John Harvey visits his traditional world of crime with a story more domestic than usual, Megan Taylor spends time in Old Market Square waiting for someone whose arrival might change her life, graphic novelist Brick imagines a Nottingham version of Simeon the Stylite living at the top of the Aspire sculpture, Paula Rawsthorne finds that being a child of a refugee brings its own problems, and Alison Moore realises that a weekend away is not always idyllic. Meantime Shreya Sen Handley’s Indian family discovers something going on at the bottom of their garden, and Alan Sillitoe is back on the streets of Nottingham, where this all began.
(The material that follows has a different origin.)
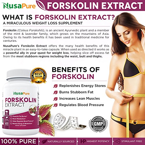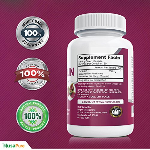 -. Binding : Health and Beauty -. Brand : NusaPure -. EAN : 0646437393331 -. Feature : POTENT FORSKOLIN EXTRACT FOR WEIGHT LOSS - Look great and feel great! Get better weight loss results with our Pure Forskolin supplement. No unwanted side effects / 2X STRENGTH OF FORSKOLIN 125MG - Most Forskolin Supplements are only 125mg: NusaPure Forskolin Pure is TWICE the strength with 250mg per capsule for maximum results! / FORSKOLIN BELLY BUSTER FOR WOMEN AND WOMEN - Forskolin Pure extract is THE best belly buster for women and men! Guaranteed. / HIGHEST PURITY FORMULA MADE IN THE USA - We guarantee this is the purest grade Forskolin made in the USA in a facility following strict Good Manufacturing Practices. Each batch is quality tested - so you get the highest quality Forskolin available! / 100% RISK-FREE GUARANTEE - Try Forskolin completely risk free. If you are not satisfied with the results of NusaPure's Forskolin you can get a complete refund. Click Add to Cart to try Forskolin -. IsAdultProduct : 0 -. Label : NusaPure -. LegalDisclaimer : These statements have not been evaluated by the FDA. This product is not intended to diagnose, treat, cure, or prevent any disease. -. Manufacturer : NusaPure -. PackageQuantity : 1 -. ProductGroup : Health and Beauty -. ProductTypeName : HEALTH_PERSONAL_CARE -. Publisher : NusaPure -. Size : 1 Bottle -. Studio : NusaPure -. Title : Forskolin Extract for Weight Loss: Pure Forskolin Extract: 2x Strength of Forskolin 125mg: Forskolin Belly Buster for Women and Men: Best Forskolin Extract Available: 60 Caps -. UPC : 646437393331

Saturday’s event is being held between 2.00 – 3.00pm in the Methodist Chapel, Main Street, Lowdham, as part of this year’s Lowdham Book Festival, and six of the authors will be present, with a mystery guest presenting Alan Sillitoe’s contribution. If you’re anywhere in the Nottingham area, come along and sample the fun. Details: http://www.lowdhambookfestival.co.uk

More – probably – about my own story later, but for now suffice to say that it’s called “Ask Me Now”, is set in the city of Nottingham, and features Tom Whitemore, a detective sergeant attached to the Public Protection Team, whose previous appearance was in “Sack O’ Woe”,  one of a collection of short stories about the police edited by Michael Connelly under the title The Blue Religion.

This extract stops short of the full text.